Tax planning for athletes can be complicated—and it’s not going to get easier as the sport continues to grow. Soccer is the most popular sport in the world, and it’s not showing signs of slowing down.

The Women’s World Cup alone has a worldwide audience of over one billion viewers. According to FIFA, a combined 1.12 billion viewers tuned into the official overage of the 2019 Women’s World Cup 2019 across all platforms – a record audience.

In the U.S., many soccer players are household names—including those on the Women’s National Team. The USWNT have won four Women’s World Cup titles, four Olympic gold medals, and nine CONCACAF Gold Cups—even though they’ve only been around for about 20 years.

And now, arguably the greatest player to ever take the pitch will do so as a marquee player, not in Paris or London, but in Miami. Around 20,000 fans showed up in the rain just to see Lionel Messi introduced as an Inter Miami player. His July 21 debut has been hyped extensively, including on Apple
AAPL
T.V., where a little show about soccer—Ted Lasso—became a phenomenon.
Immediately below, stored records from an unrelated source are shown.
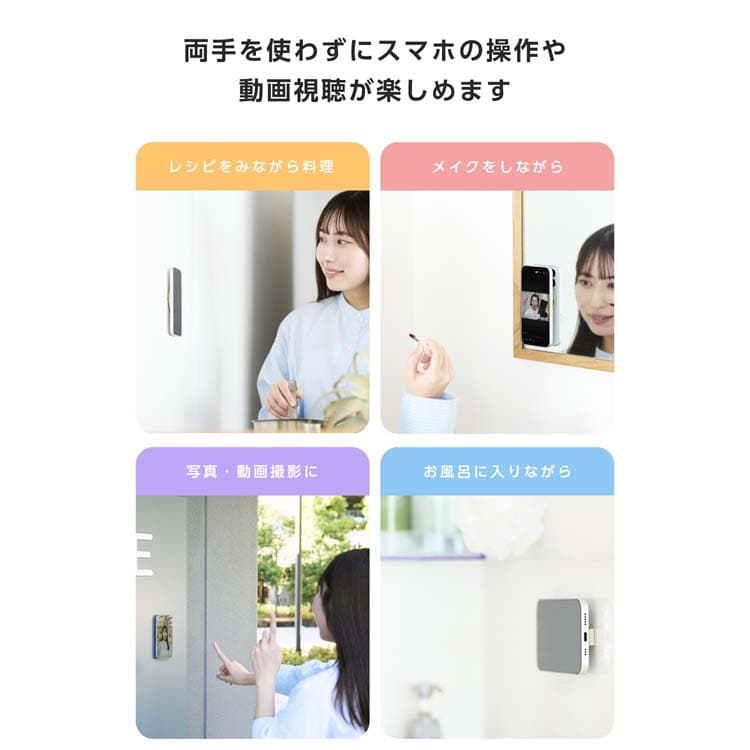 ●壁や鏡、窓ガラスなどの平らな面にシリコン吸盤で簡単に吸着可能。スマートフォンを自由な向きで固定できます。
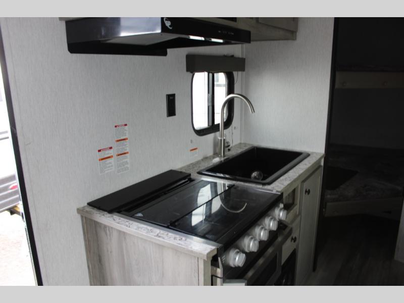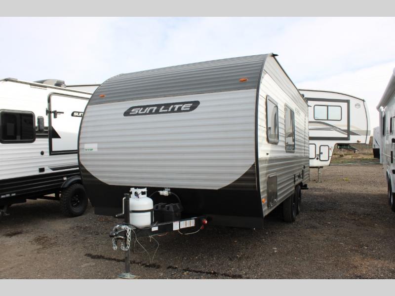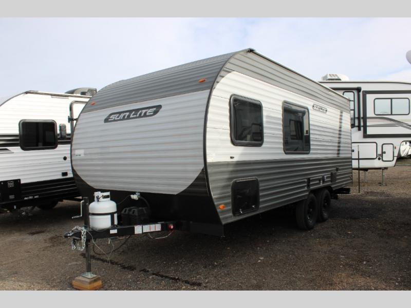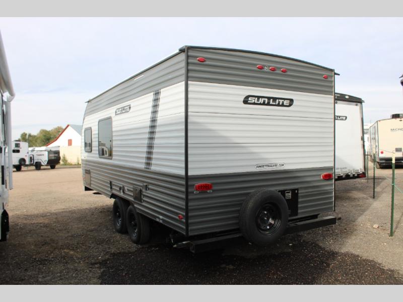 Each Sun Lite LTD travel trailer by Sunset Park RV is made with flexibility in mind. These lightweight models weigh under 3,000 lbs. for easy towing, and they offer best-in class interior storage for all your belongings. They are built with a one-piece PVC roof membrane and a durable rock guard that will help protect against rock and debris on the way to the campground. There is also an electric awning outside, along with a 100-watt solar kit, an outside shower, and more convenient features. You'll find a power roof vent in the bath, stylish window treatments, ball bearing drawer guides, and LED lights to name a few interior comforts.
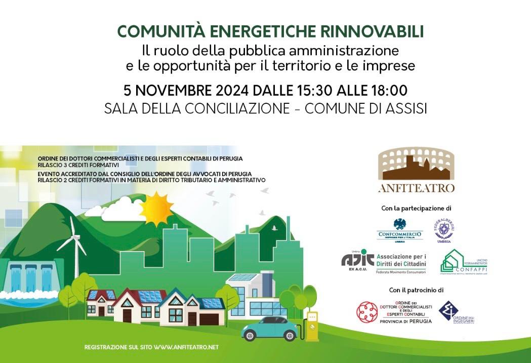 Assisi, 28 ottobre 2024 – Martedì 5 novembre a partire dalla 15.30, presso la Sala della Conciliazione del Palazzo Comunale di Assisi, si terrà l’incontro “Comunità energetiche rinnovabili. Il ruolo della pubblica amministrazione e le opportunità per il territorio e le imprese”, organizzato dall’associazione Anfiteatro.

While discussions about money and taxes will always be a part of professional sports, for many, the beautiful game is more than a game. It’s more than the players. It’s more than the trophies. It’s about how it makes you feel.

Bill Shankly, the famous Liverpool manager, once summed it up perfectly, saying, “Some people believe football is a matter of life and death, I am very disappointed with that attitude.” He concluded, “I can assure you it is much, much more important than that.”